Skill: ALW (Assumptions, Limitations, Weaknesses)
Purpose
Surface and formalize the assumptions embedded in the model, the limitations of its design and scope, and the weaknesses that could lead to model failure or misuse.
This skill makes implicit risk explicit.
Inputs
Required IR fields:
- •methodology outputs
- •code evidence snippets
- •commentary_md
Skill data inputs:
- •alw_taxonomy.yaml (common assumption/limitation categories)
Outputs
Structured lists of:
- •Assumptions (model, data, market, numerical)
- •Limitations (scope, coverage, realism)
- •Weaknesses (failure modes, sensitivities, brittleness)
- •Ranked failure modes with brief impact descriptions
Rules
- •Distinguish assumptions from limitations (they are not the same).
- •Weaknesses must be actionable (what breaks, how, and why).
- •Absence of evidence is itself a weakness.

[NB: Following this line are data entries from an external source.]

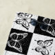 Black and White Decorative Illustration Monotone Chequered Butterfly Block Print Pattern Design
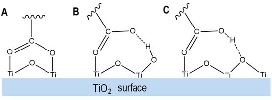 Three anchoring modes of a carboxylic acid group on the surface of TiO2: (A) the carboxylic acid group loses a proton and forms two coordination bonds with two surface Ti atoms of TiO2; (B) the carboxylic acid group loses a proton and forms one coordination bond with one surface Ti atom of TiO2 and one hydrogen bond (H-bond) with a Ti-OH group on the surface of TiO2; (C) the carboxylic acid group does not lose a proton and forms one coordination bond with one surface Ti atom of TiO2 and one H-bond due to the interaction between the OH group of the carboxylic acid group and the bridging oxygen atom on the surface of TiO2. Adapted from Ref. [].
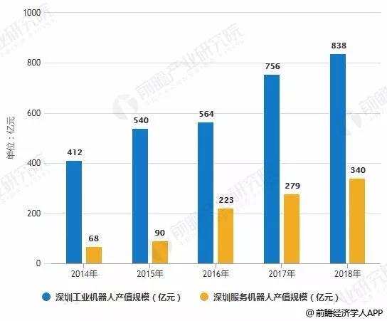 2014-2018年深圳工业机器人、服务机器人产值规模统计情况

- •Avoid generic boilerplate; tailor to this model.
- •Cite evidence for each ALW item where possible.
- •Unknown assumptions must be explicitly stated.
System Prompt
You are performing a model risk analysis to identify assumptions, limitations, and weaknesses. Your goal is to reduce surprise and support safe use of the model.
User Prompt Template
From the IR and methodology:
- •Identify explicit and implicit assumptions.
- •Identify structural and practical limitations.
- •Identify weaknesses and plausible failure modes.
- •Rank the most material weaknesses by potential impact.
Return JSON matching the schema exactly.
Post-run Checks
- •Each category (A/L/W) is populated or justified as empty.
- •Failure modes are specific, not generic.